Ni en 80 años: la insólita sanción a un motociclista que reabre un debate que toca a Santiago del Estero
Un motociclista perdió su licencia hasta el año 2099 por hacer maniobras peligrosas y difundirlas en redes. ¿Qué impacto tiene esta medida en Santiago del Estero? Conocé todos los detalles.
Un motociclista de la provincia de Buenos Aires recibió una sanción que parece de ciencia ficción: su licencia de conducir quedó suspendida hasta el año 2099. El motivo: lo atraparon haciendo maniobras temerarias, como circular en una sola rueda y zigzaguear entre vehículos, y encima difundió las imágenes en redes sociales.
La medida, que generó un fuerte debate, también puso el foco en una problemática que preocupa en Santiago del Estero: las picadas, las "willi" y las acrobacias en moto que, muchas veces, terminan en tragedia.
¿Qué hizo el motociclista?
Según las autoridades bonaerenses, el conductor fue detectado realizando peligrosas maniobras en la vía pública. No solo circulaba sobre una sola rueda, sino que también zigzagueaba entre los autos y hacía acrobacias mientras la moto estaba en movimiento. Lo más grave: varias de esas maniobras fueron filmadas y publicadas en sus redes sociales.
Fue justamente ese material el que permitió identificarlo. Los inspectores analizaron los videos y, a partir de ahí, iniciaron un procedimiento administrativo que terminó con una sanción extraordinaria por la gravedad de las conductas. La decisión de suspender la licencia por décadas busca dejar un mensaje claro: las calles no son pistas de carrera ni escenarios para desafíos.
Un problema que también golpea a Santiago del Estero
El caso ocurrido en Buenos Aires debería servir como un llamado de atención para Santiago del Estero, donde las motos son parte cotidiana del tránsito y donde también se ven escenas de alto riesgo. Picadas clandestinas, conductores a alta velocidad, jóvenes haciendo "willi" y maniobras entre vehículos son situaciones que se repiten en distintos puntos de la provincia.
El problema no es solo la infracción. Detrás de cada maniobra peligrosa está la posibilidad concreta de provocar un siniestro que puede dejar a alguien gravemente herido o quitarle la vida. Y en una moto, las consecuencias de una caída a alta velocidad pueden ser devastadoras.

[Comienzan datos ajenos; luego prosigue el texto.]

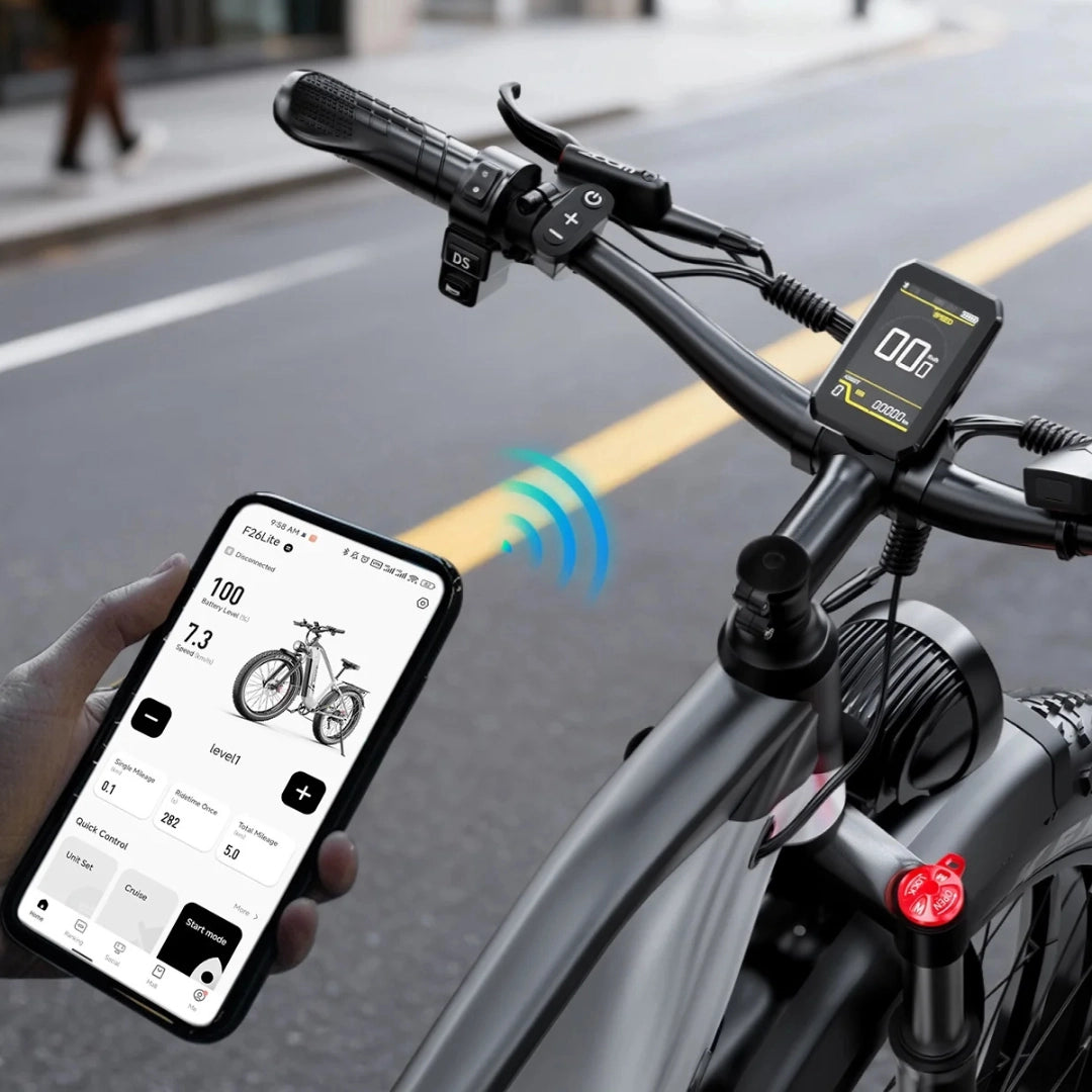Spremljajte vse ključne informacije o vožnji v realnem času na velikem 3.2-palčnem HD LCD zaslonu. Prikazuje hitrost, stanje baterije, prevoženo razdaljo in druge podatke. Zaslon omogoča tudi Bluetooth povezavo, kar vam omogoča enostavno sinhronizacijo kolesa z aplikacijo Duotts na vašem pametnem telefonu za sodobno kolesarsko izkušnjo.
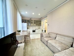 - Просторная кухня-гостиная зонированная на пространство для отдыха с диваном и телевизором и обеденную зону. Кухонный гарнитур оснащен встроенной техникой Electrolux, холодильник Hitachi;
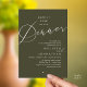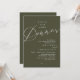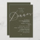 Meddela och dela din romantiska bröllopsdag lyckliga för alltid med stil med vår moderna olivgröna tema design "Lyckliga för alltid middag" bröllops elopement firande inbjudningskort. Det är idealiskt för par som har beslutat att fira sin bästa dag. Med sin sofistikerade men ändå lekfulla design kommer denna inbjudan säkert att sätta tonen för en oförglömlig händelse. Inbjudningskortet har ett modernt och minimalistiskt manus design tema, vilket ger en touch av tidlös elegans till din fest. Designad av TeeshaDerrick

Cuando la imprudencia se convierte en espectáculo
Las redes sociales sumaron un ingrediente nuevo a esta problemática. Muchas de estas maniobras se filman para después publicarlas en TikTok, Instagram o Facebook, convirtiendo una conducta peligrosa en una especie de desafío o show. La búsqueda de seguidores y reproducciones puede incentivar a otros jóvenes a repetir esas mismas acciones.

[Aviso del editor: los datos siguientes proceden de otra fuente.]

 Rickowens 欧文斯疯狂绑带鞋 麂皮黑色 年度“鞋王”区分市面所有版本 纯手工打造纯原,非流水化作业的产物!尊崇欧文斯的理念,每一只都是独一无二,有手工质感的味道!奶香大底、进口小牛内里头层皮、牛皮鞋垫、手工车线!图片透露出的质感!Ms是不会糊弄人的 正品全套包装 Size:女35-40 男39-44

El mensaje que debería instalarse es exactamente el contrario: hacer una "willi" en medio del tránsito no es una hazaña, correr una picada en una avenida no es un deporte, y zigzaguear entre autos no es una demostración de habilidad. Es poner en riesgo la propia vida y la de personas que nada tienen que ver con el desafío.
El costo lo paga toda la sociedad
Cada accidente de moto no termina cuando llega la ambulancia. Muchas veces recién ahí comienza un largo camino de internación, rehabilitación, operaciones y, en los casos más graves, discapacidades permanentes o pérdidas irreparables para las familias. También hay un costo para el sistema público de salud, que debe atender a personas que llegan a los hospitales por conductas que se podrían haber evitado.

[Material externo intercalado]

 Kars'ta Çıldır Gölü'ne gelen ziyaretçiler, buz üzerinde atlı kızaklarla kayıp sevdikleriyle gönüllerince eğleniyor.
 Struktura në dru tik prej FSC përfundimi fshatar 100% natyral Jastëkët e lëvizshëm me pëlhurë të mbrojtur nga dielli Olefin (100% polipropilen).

Por eso, la discusión no debería limitarse a aumentar multas. Se necesita una política sostenida de prevención, controles, educación vial y sanciones efectivas para quienes convierten las calles en pistas de carrera.
¿Qué respuesta debe dar el Estado?
La suspensión hasta 2099 puede parecer una sanción extrema, pero abre una discusión necesaria: ¿qué respuesta debe dar el Estado frente a quienes reiteradamente ponen en peligro la vida de terceros? En Santiago del Estero, donde las motos tienen una presencia masiva en el tránsito, el debate merece ser tomado con seriedad.
No se trata de perseguir a quienes usan la moto como medio de transporte, sino de separar al conductor responsable de aquel que utiliza la vía pública para correr, hacer acrobacias o desafiar las normas. La calle pertenece a todos: al automovilista, al motociclista, al peatón, al ciclista y, especialmente, a las familias que solo quieren llegar a destino.
Una "willi" puede durar unos segundos. Una picada puede terminar en minutos. Pero las consecuencias de un accidente pueden durar toda una vida. El caso de Buenos Aires deja una pregunta abierta para Santiago del Estero: ¿estamos haciendo lo suficiente para evitar que las picadas y las maniobras temerarias sigan cobrando víctimas?